Era giunta l’ora di resistere,era giunta l’ora di essere uomini...




● Durante le celebrazioni chivassesi della Festa della Liberazione, venerdì 25 aprile 2014 si sono svolte le orazioni ufficiali nella sala conferenze di Palazzo Einaudi. Il sindaco chivassese Libero Ciuffreda ha annunciato l’avvio di un gemellaggio culturale con il Comune di Ventotene, legando la Carta di Chivasso al Manifesto di Venetotene, anch’esso un documento federalista. Di seguito, pubblichiamo il testo integrale dell’orazione ufficiale dell’Anpi di Chivasso, tenuta dal giornalista Renato Dutto.



Gentile Sindaco, Autorità civili, militari, religiose e scolastiche, Valorosi Partigiani, Antifascisti e Gentili studenti e cittadini



Apprendo con grande piacere l’annuncio del sindaco di Chivasso, dottor Libero Ciuffreda, del gemellaggio che verrà avviatro con l’siola di Ventotene, dove nel 1941 venne redatto un documento federalista che preconizzava l’Unione dei Paesi Europei, il Manifesto di Ventotene. Un’isola che è stata pure luogo di confino, durante il tragico ventennio fascista, di politica del calibro di Sandro Pertini, Giorgio Amendola, Umberto Terracino e Giovanni Longo. Furono proprio tre confinati politici, Altiero Spinelli, Ernesto Rossi ed Eugenio Colorni, a redarre il Manifesto di Ventotene.

In questa orazione dell’Anpi, nel giorno della Liberazione, è necessario ricordare che guerra e fascismo hanno rappresentato un tragico binomio, che sconvolse prima l’Europa e poi il mondo intero. Milioni di morti e distruzioni apocalittiche, a causa di una feroce follia innescata da due dittatori: Hitler e Mussolini. 

La Germania, dopo aver annesso l’Austria, conquistato la Boemia e sottomesso la Slovacchia, nel settembre 1939 invase la Polonia. Un’aggressione che provocò la dichiarazione di guerra di Francia e Inghilterra e l’esplosione della seconda guerra mondiale.  Quando nella primavera del ’40 l’esercito tedesco sfondò le difese francesi, anche Mussolini dichiarò guerra alla Francia e alla Gran Bretagna: voleva avere dei “morti da giocarsi sul tavolo della pace”, avviando anche per l’ Italia una tragica avventura che seminò morte e distruzioni. Il primo atto della tragedia si chiuse il 25 luglio del ’43, con la caduta di Mussolini.

Il secondo atto riprese con l’8 settembre quando Badoglio, nomintato in sostituzione del Duce, firmò l’armistizio con gli alleati e le truppe naziste occuparono il centro-nord, per tentare di bloccare l’avanzata degli alleati.

È soprattutto in questa fase che l’eroico contributo del movimento partigiano diventò essenziale per la liberazione dell’Italia.

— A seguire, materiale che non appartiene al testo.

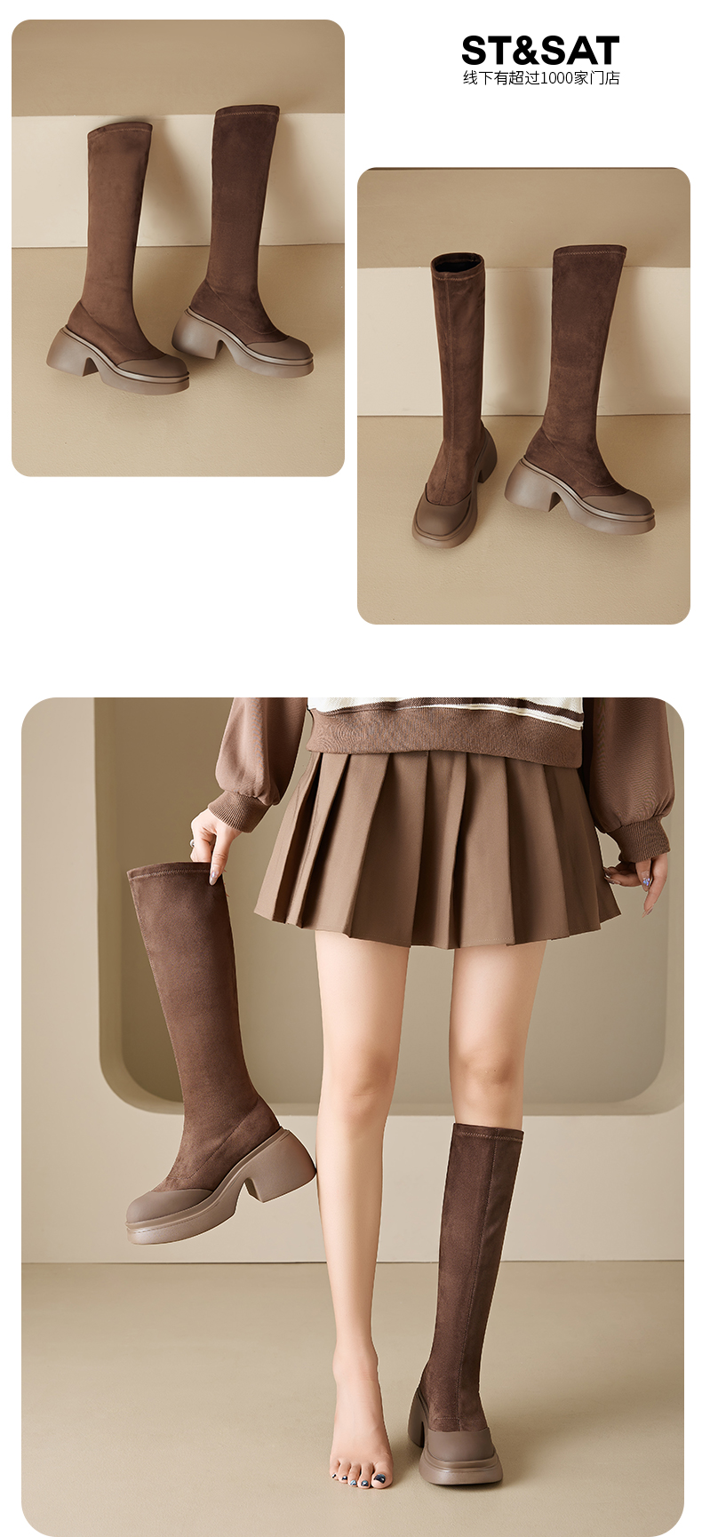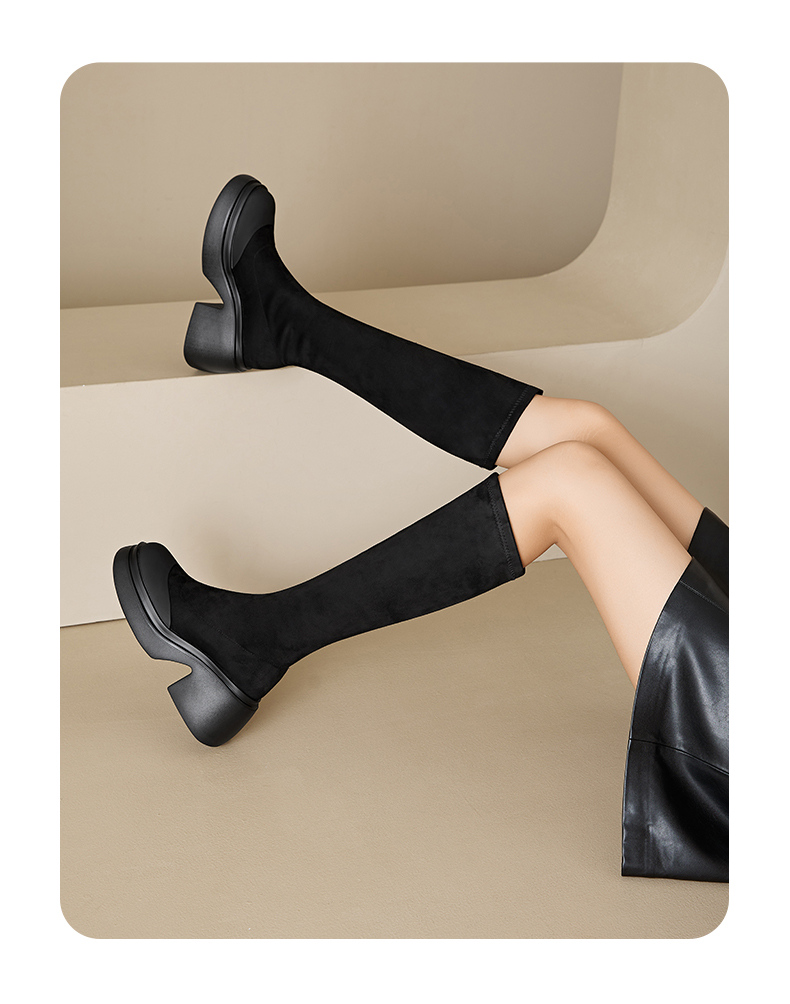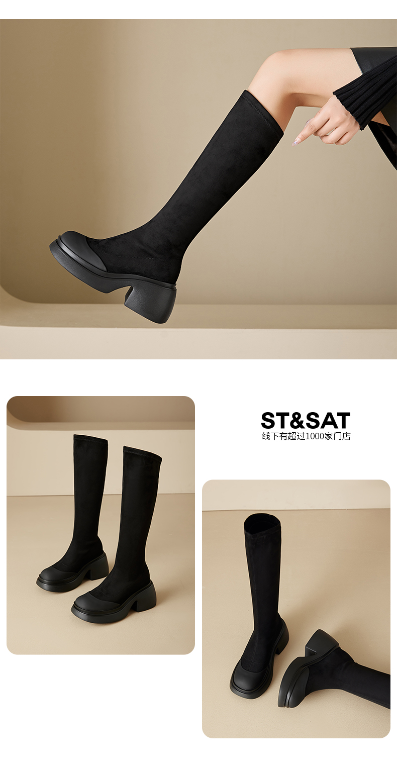 星期六质感绒面时髦百搭增高瘦瘦靴SS341170SG
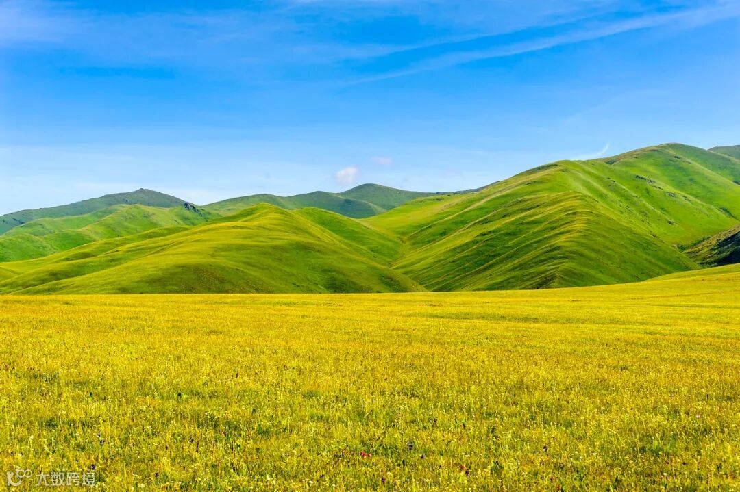 当汽车从山区一路驶向草原,世界越来越开阔,无垠的草地、烂漫的鲜花、成群的牛羊、湛蓝得没有一丝阴霾的天穹……
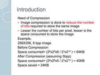 This document compares JPEG and JPEG 2000 image compression standards, highlighting the need for compression to reduce storage space and discussing various compression techniques like DCT and DWT. It details the advantages and disadvantages of each method, noting that DCT is utilized in JPEG for medium bit rates while DWT in JPEG 2000 offers better quality at lower bit rates but can introduce blurring. Ultimately, DWT avoids blocking artifacts seen in DCT but may have a lower quality at low compression rates.

Le sofferenze, le battaglie, la fame, le torture, le morti che subirono i partigiani consentirono al nostro Paese di riscattarsi soprattutto moralmente e di essere protagonisti della lotta per l’autodeterminazione e per la cacciata dei fascisti e degli invasori nazisti.

Una data importante, dunque, quella del 25 aprile, che venne scelta, il 22 aprile 1946, con un Decreto legislativo luogotenenziale, per “la celebrazione della totale Liberazione del territorio italiano, dichiarandola festa nazionale”. Una scelta convenzionale, perché il 25 aprile 1945 fu il giorno della Liberazione di Milano e di Torino, Entro il 1° maggio, poi, tutta l’Italia settentrionale venne liberata: Bologna il 21 aprile; Genova il 26 aprile, Venezia il 28 aprile.

Gli italiani riacquistarono la libertà, ma il Paese era stato distrutto da cinque anni di guerra e da venti anni di dittatura fascista. Simbolicamente, il 25 aprile rappresenta dunque l’avvio di un percorso storico che proseguì con il referendum istituzionale del 2 giugno 1946, che vide la vittoria della Repubblica sulla Monarchia e con la promulgazione della Costituzione.       

Malgrado sia una data importante, con il trascorrere degli anni dall’aprile 1945, il rischio principale che si corre quando si svolgono le commemorazioni del giorno della Liberazione è di scadere nella retorica celebrativa. Lo ricordai nel 2003, allorchè fui chiamato dall’allora presidente Anpi, il compianto partigiano Eugenio Banfo, a tenere l’orazione pubblica del 25 aprile, in piazza Carlo Alberto Dalla Chiesa. Lo ripeto oggi, 11 anni dopo, chiamato allo stesso non facile compito dal pesidente Anpi Vinico Milani, nonché segretario dell’Anpi provinciale di Torino.

Per questioni biologiche  (parliamo di fatti accaduti 69 anni fa) i protagonisti di quei giorni sono purtroppo ormai pochissimi fa noi. Una situazione di fatto che l’Associazione Nazionale dei Partigiani d’Italia ha affrontato negli ultimi anni, dandosi l’obiettivo di coinvolgere maggiormente i giovani, con iniziative di tipo storico e documentativo, ed anche interessandoli ai racconti dei padri, che a loro volta fecero tramandare i fatti di quegli anni da chi non è più tra noi. A questo proposito, voglio qui ridordare le ultime due gravi perdite dell’Anpi chivassese: “Notu” Costamagna e “Pippo” (Pierino Emanuel).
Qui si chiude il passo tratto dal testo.